* _EXERCISE DESCRIPTION_: Pictures aside, copy exactly each line from the one that holds "Accueil autour d’une" through the last line of the records below.

Stored data entries
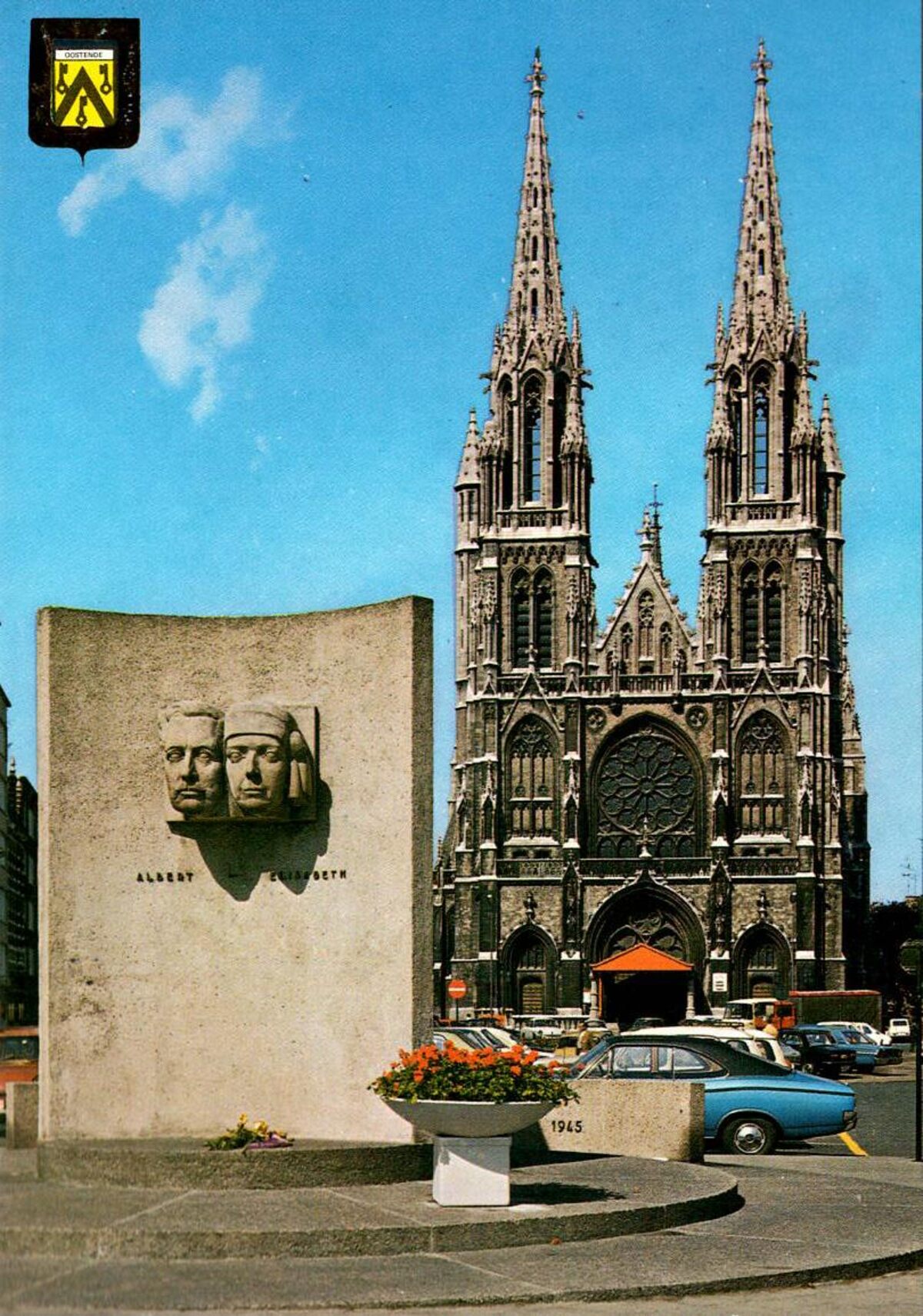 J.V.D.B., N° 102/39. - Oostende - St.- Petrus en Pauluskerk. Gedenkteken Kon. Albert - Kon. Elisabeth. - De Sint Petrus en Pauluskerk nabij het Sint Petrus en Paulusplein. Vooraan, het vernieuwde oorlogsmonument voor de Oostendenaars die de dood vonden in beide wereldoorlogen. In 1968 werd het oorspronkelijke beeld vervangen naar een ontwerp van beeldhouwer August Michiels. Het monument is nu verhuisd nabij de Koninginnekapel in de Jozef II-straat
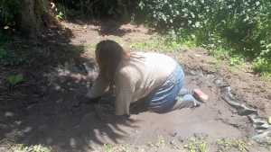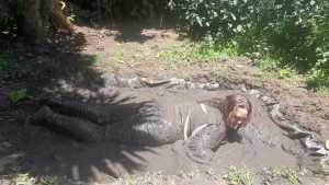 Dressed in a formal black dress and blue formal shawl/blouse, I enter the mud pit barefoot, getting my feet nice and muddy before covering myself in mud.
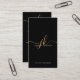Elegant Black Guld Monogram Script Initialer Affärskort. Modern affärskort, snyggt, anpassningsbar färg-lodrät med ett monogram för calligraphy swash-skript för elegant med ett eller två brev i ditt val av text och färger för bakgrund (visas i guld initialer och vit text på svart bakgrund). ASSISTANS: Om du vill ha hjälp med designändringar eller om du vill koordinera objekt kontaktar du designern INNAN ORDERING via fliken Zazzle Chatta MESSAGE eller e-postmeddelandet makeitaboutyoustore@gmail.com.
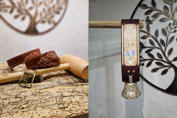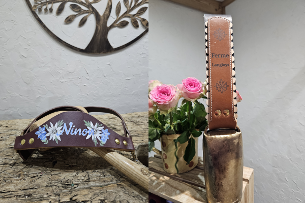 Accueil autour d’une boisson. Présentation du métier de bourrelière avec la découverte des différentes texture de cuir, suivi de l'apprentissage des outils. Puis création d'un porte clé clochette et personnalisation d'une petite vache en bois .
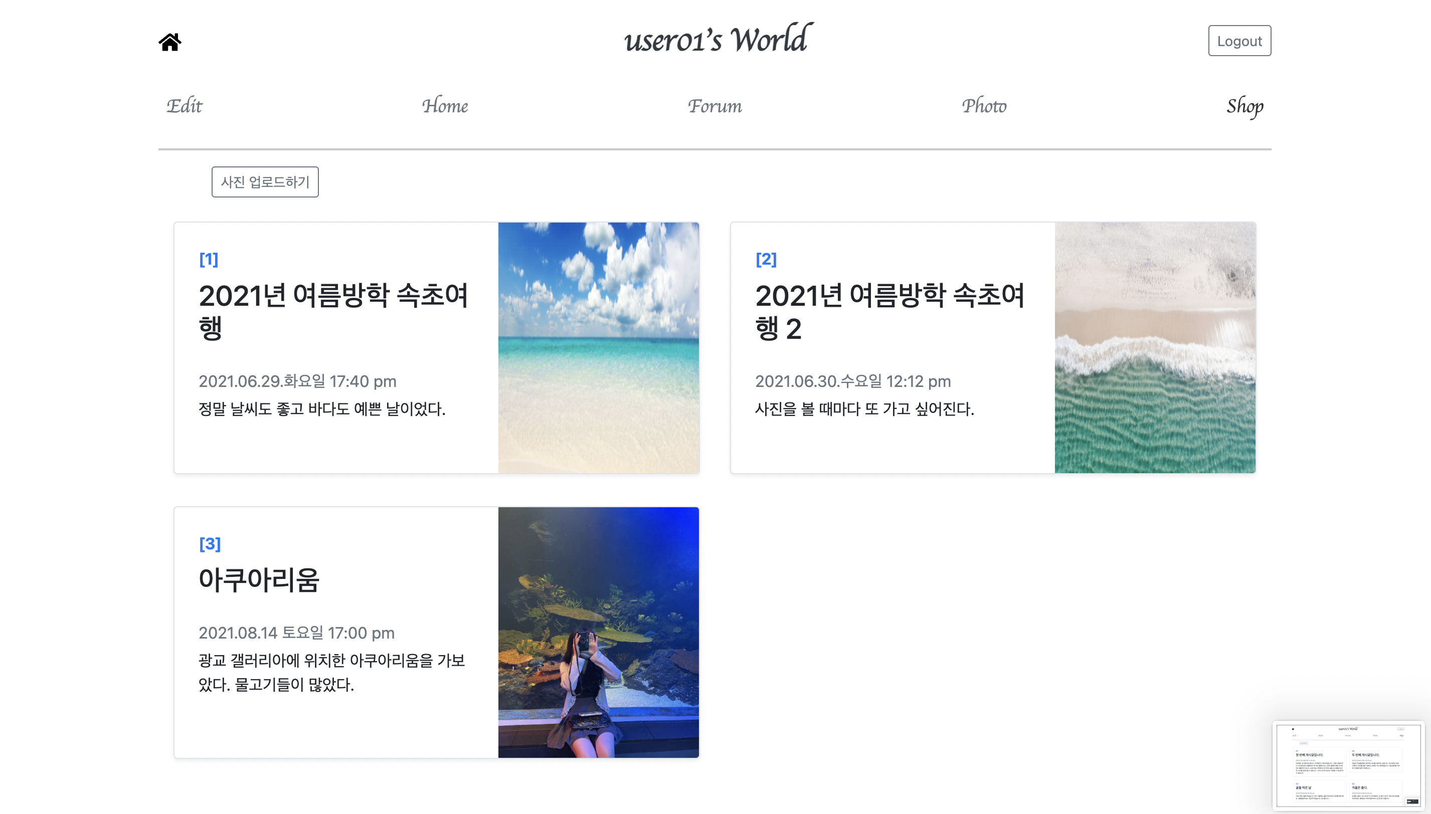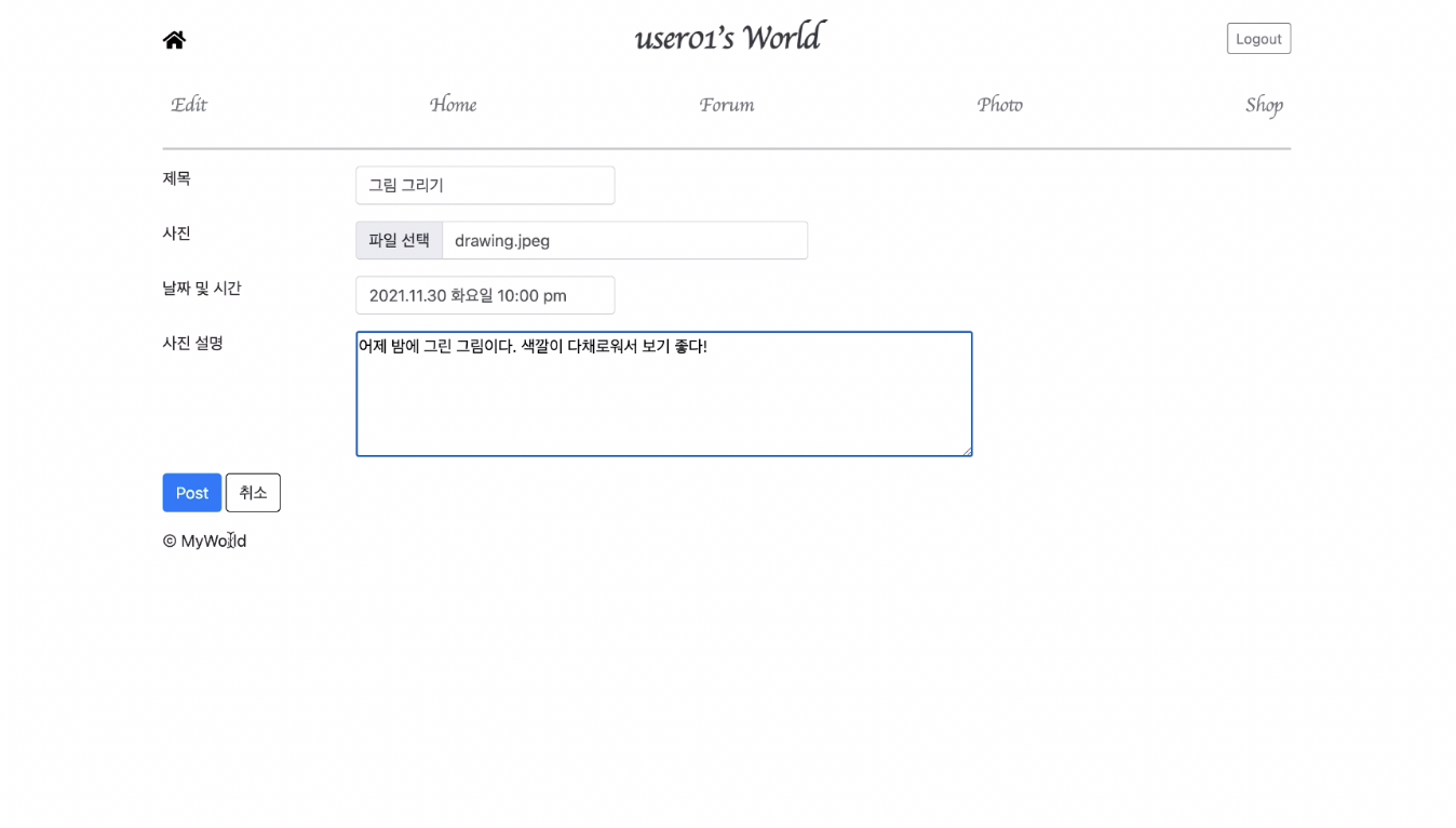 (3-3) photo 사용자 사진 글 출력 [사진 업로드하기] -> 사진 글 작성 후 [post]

* _TASK ANSWER_:
 Accueil autour d’une boisson. Présentation du métier de bourrelière avec la découverte des différentes texture de cuir, suivi de l'apprentissage des outils. Puis création d'un porte clé clochette et personnalisation d'une petite vache en bois .
 (3-3) photo 사용자 사진 글 출력 [사진 업로드하기] -> 사진 글 작성 후 [post]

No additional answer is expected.